I try to insert some Japanese characters via the JSON interface but I can't get them back out again.
Say, using the example Hello World db, I call the Insert procedure using curl:
curl -i -H"content-type: text/plain; charset=utf-8" "http://localhost:8080/api/1.0/?Procedure=Insert&Parameters=%5B%22%5Cu3053%5Cu3093%5Cu306b%5Cu3061%5Cu306f%22%2C%22%5Cu4e16%5Cu754c%22%2C%22Japanese%22%5D"
This returns ok. And using a Ruby wire protocol client I wrote, I can select that row and see the Japanese characters perfectly.

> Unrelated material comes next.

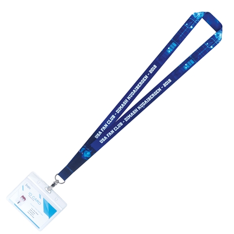 Full color lanyards, also called heat transferred lanyards, both sides printed with full color logo and background.

But when I try to retrieve it using the JSON interface such as here:
curl -i -H"content-type: text/plain; charset=utf-8" "http://localhost:8080/api/1.0/?Procedure=Select&Parameters=%5B%22Japanese%22%5D"

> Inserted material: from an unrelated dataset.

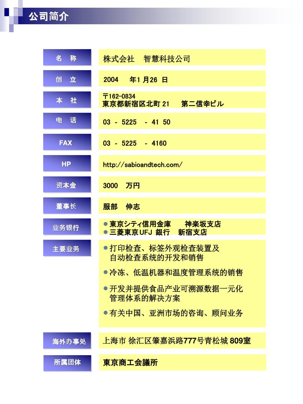 公司简介 名称 株式会社 智慧科技公司 株式会社 サビオアンドテック 名 称 名称 名称 名称 2004 創立 平成 16 年 年 1 1 月 月 26 26 日 日 创 立 創立 創立 創立 〒 162 - 0834 〒 162 - 0834 本社 本 社 本社 本社 本社 東京都新宿区北町 21 第二信幸ビル 東京都新宿区北町 21 第二信幸ビル 电 话 電話 03 03 ‐ ‐ 5225 5225 ‐ ‐ 41 41 50 50 電話 電話 電話 FAX 03 03 ‐ ‐ 5225 5225 ‐ ‐ 4160 4160 FAX FAX FAX FAX HP http://sabioandtech.com/ http://sabioandtech.com/ HP HP HP HP 資本金 3000 3000 万円 万円 資本金 资本金 資本金 資本金 资本金 代表取締役 董事长 服部 服部 伸志 伸志 代表取締役 代表取締役 代表取締役 東京シティ信用金庫 東京シティ信用金庫 神楽坂支店 神楽坂支店 l l 取引銀行 业务银行 取引銀行 取引銀行 取引銀行 三菱東京 三菱東京 UFJ UFJ 銀行 銀行 新宿支店 新宿支店 l l 打印检查、标签外观检查装置及 自动检查系统的开发和销售 印字・ラベル・外観検査装置及び自動化 l l 主な業務 主な業務 主要业务 主な業務 主な業務 検査システムの開発・販売 冷冻、低温机器和温度管理系统的销售 冷凍・低温機器、温度管理システムの販売 l l 食品産業向け、トレサビリティ・データ一元 开发并提供食品产业可溯源数据一元化 管理体系的解决方案 l l 管理システムの提案開発 有关中国、亚洲市场的咨询、顾问业务 中国・アジアビジネスに係わるマーケテング l l ・コンサル業務 上海市 徐匯区肇嘉浜路777号青松城 809室 上海市 徐汇区肇嘉浜路777号青松城809室 海外拠点 海外拠点 海外办事处 海外拠点 海外拠点 東京商工会議所 所属团体

all I get are just question marks for those non-Latin characters.
HTTP/1.0 200 OK
Content-Type: text/plain
Date: Thu, 22 Jul 2010 15:21:47 GMT
{"status":1,"appstatus":-128,"statusstring":null,"appstatusstring":null,"exception":null,"results":[{"status":-128,"schema":[{"name":"HELLO","type":9},{"name":"WORLD","type":9}],"data":[["?????","??"]]}]}
Would like to know if anyone has made something like what I'm doing above work for their case.
Thanks like always!
Junjun
Thanks for the reply, John.
junjun
Jul 25, 2010
It's me again. This time, I'm not sure if I'm doing something wrong.
I try to insert some Japanese characters via the JSON interface but I can't get them back out again.

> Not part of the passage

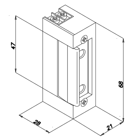 Gâche électrique pour portes en aluminium ou en bois avec serrures à pêne demi-tour et pêne.

Say, using the example Hello World db, I call the Insert procedure using curl:
curl -i -H"content-type: text/plain; charset=utf-8" "http://localhost:8080/api/1.0/?Procedure=Insert&Parameters=%5B%22%5Cu3053%5Cu3093%5Cu306b%5Cu3061%5Cu306f%22%2C%22%5Cu4e16%5Cu754c%22%2C%22Japanese%22%5D"
This returns ok. And using a Ruby wire protocol client I wrote, I can select that row and see the Japanese characters perfectly.
But when I try to retrieve it using the JSON interface such as here:
curl -i -H"content-type: text/plain; charset=utf-8" "http://localhost:8080/api/1.0/?Procedure=Select&Parameters=%5B%22Japanese%22%5D"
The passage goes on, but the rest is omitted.